__Given data__.
== == ==

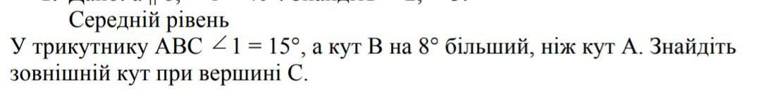 У трикутнику ABC перший кут=15⁰,а кут B на 8⁰ більший,ніж кут A.Знайдіть зовнішній кут при вершині C.
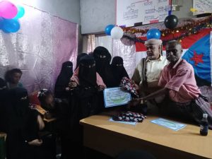 وفي الختام قامت دينا مانع ، ومحفوظ فرج ، ومحمد المسحري، وعيشة حسن صغير ، بتكريم 35 دارسة في مجال محو الأمية بهدف تشجيعهن لاستكمال المرحلة الثانية.
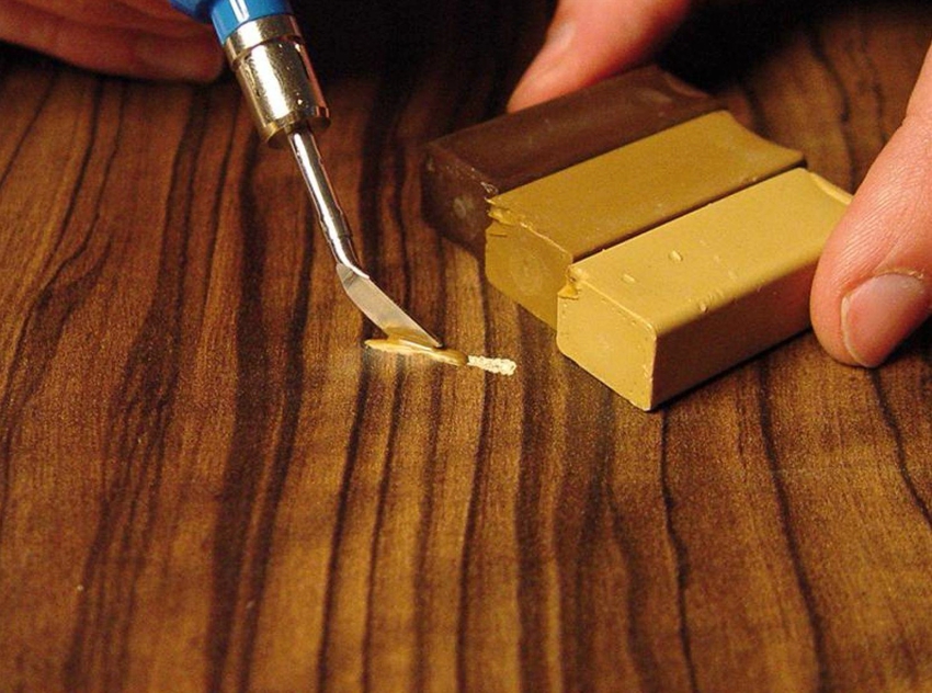 Если на поверхности находятся видимые повреждения, их следует заделать при помощи специальной шпаклевки по дереву соответствующего оттенка или горячего мебельного воска. Мелкие царапины маскируются восковым карандашом.
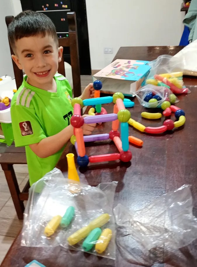 Lo compré de regalo para mi hijo y fue un golazo. Llegó rapidísimo y desde que lo abrió no dejó de jugar. Se divierte muchisimo construyendo. Los imanes son seguros y el tamaño es ideal para chicos. Un regalo que realmente vale la pena

== == ==

__Your instructions__. Transcribe the opening line of the listing above, please, and every line after it through the line with "وفي الختام قامت", word for word, without pictures.

__Answer to this problem__.
 У трикутнику ABC перший кут=15⁰,а кут B на 8⁰ більший,ніж кут A.Знайдіть зовнішній кут при вершині C.
 وفي الختام قامت دينا مانع ، ومحفوظ فرج ، ومحمد المسحري، وعيشة حسن صغير ، بتكريم 35 دارسة في مجال محو الأمية بهدف تشجيعهن لاستكمال المرحلة الثانية.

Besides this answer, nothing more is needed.